Hemos hablado de Roland Barthes en otra entrada del blog: Introducción al análisis estructural de los relatos. Hoy nos centraremos en otro de sus libros, El grado cero de la escritura, publicado en Francia en 1953, primer libro de Roland Barthes, germen de una reflexión sobre la literatura y el lenguaje, que la editorial Siglo Veintiuno ha publicado en una nueva edición revisada y corregida muy interesante.
En uno de los capítulos del libro de Barthes reflexiona sobre la forma personal y el tiempo verbal que toma el narrador en la novela del siglo XIX y XX, y hace un análisis de lo que significan, o más bien, han significado en la historia de la novela.
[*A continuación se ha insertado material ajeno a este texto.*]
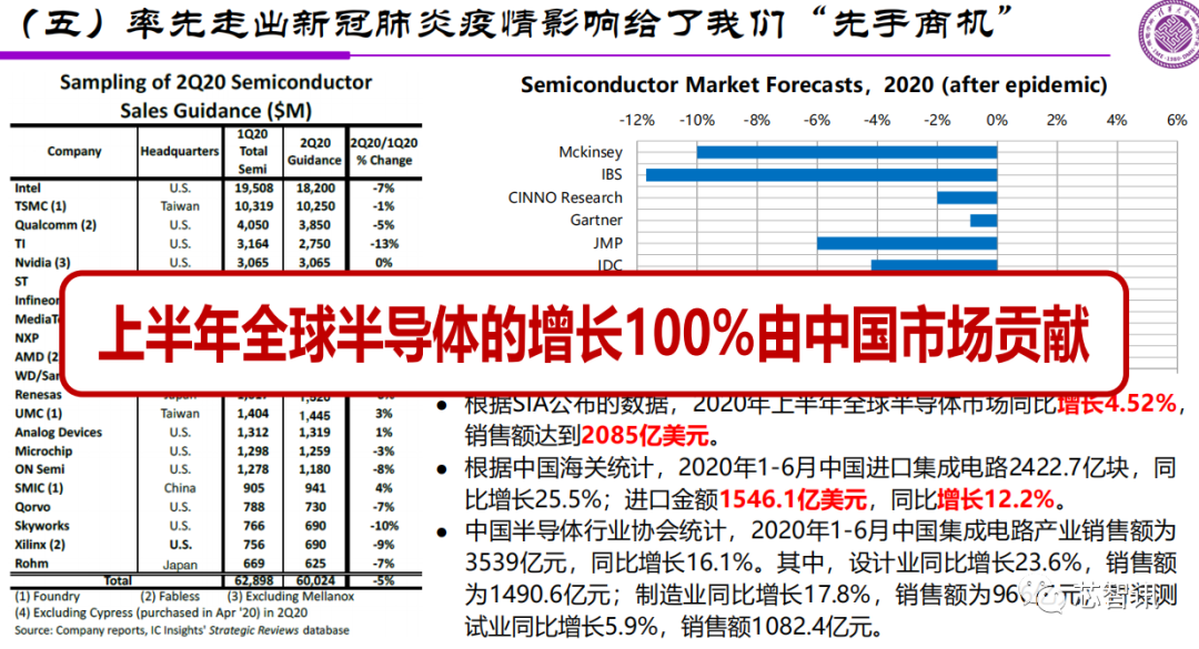 前面提到,受新冠疫情的影响,很多研究机构预测2020年全球半导体市场将出现同比下滑。但是,根据研究机构的预测数据显示,2020年上半年,全球半导体市场同比增长了4.52%,而根据中国的海关数据显示,2020年上半年中国集成电路进口额同比大幅增长了12.2%。根据中国在全球半导体市场的占比来倒推,2020年全球半导体市场的增长,几乎100%是由中国市场贡献的。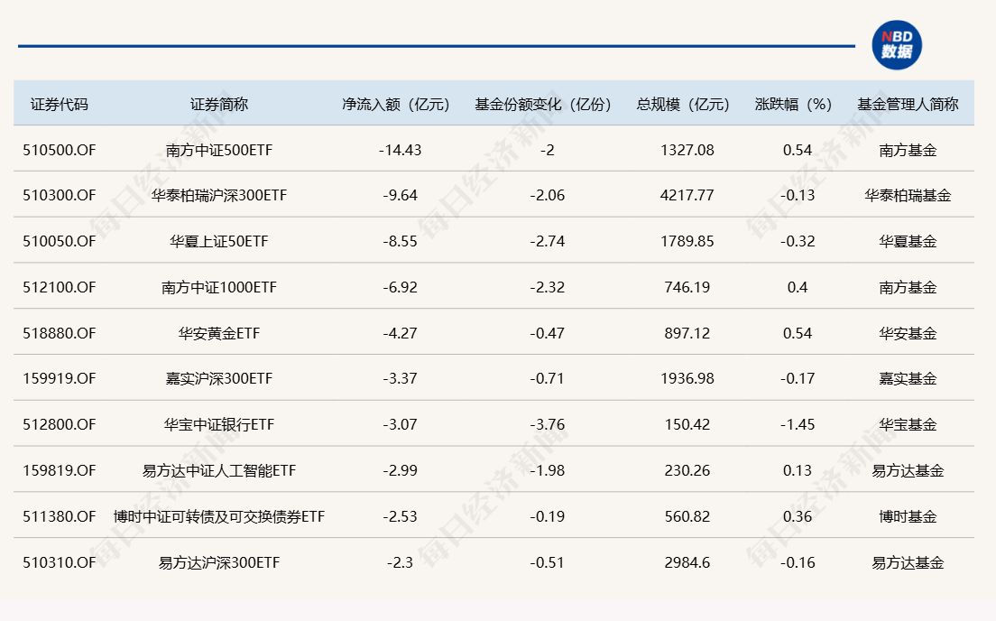 与此同时,南方中证500ETF份额减少2.00亿份,对应净流出14.43亿元;华泰柏瑞沪深300ETF份额减少2.06亿份,录得净流出9.64亿元;华夏上证50ETF份额减少2.74亿份,出现净流出8.55亿元。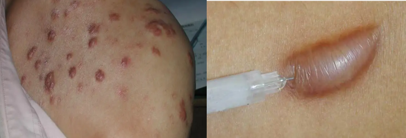 第一.针对一些体积较小(直径<2cm)或者是数量较多、较为分散的瘢痕疙瘩,首先考虑的是瘢痕的注射治疗。

Hoy en día, no creo que se puedan aplicar las mismas conclusiones, sin embargo, es importante conocer los orígenes de la novela para poder entender las convecciones que de ella se derivan.
Novela e Historia tuvieron estrechas relaciones durante el siglo que vio su mayor desarrollo. El lazo profundo, aquel que permite comprender a la vez a Balzac y a Michelet, es en uno y otro la construcción de un universo autárquico que fabrica sus dimensiones y sus límites ordenando su Tiempo, su Espacio, su población, su colección de objetos y sus mitos.
La esfericidad de las grandes obras del siglo XX se expresó en los largos relatos de la Novela y de la Historia, proyecciones planas de un mundo curvo y ligado del cual el folletín, nacido en ese entonces, presenta una imagen degradada en sus volutas. Y sin embargo, la narración no es forzosamente una ley del género. Toda una época pudo concebir novelas por carta, por ejemplo; y otra puede practicar una Historia por medio del análisis. El relato como forma extensiva a la vez de la Novela y de la Historia sigue siendo por lo tanto, en general, la elección o la expresión de un momento histórico.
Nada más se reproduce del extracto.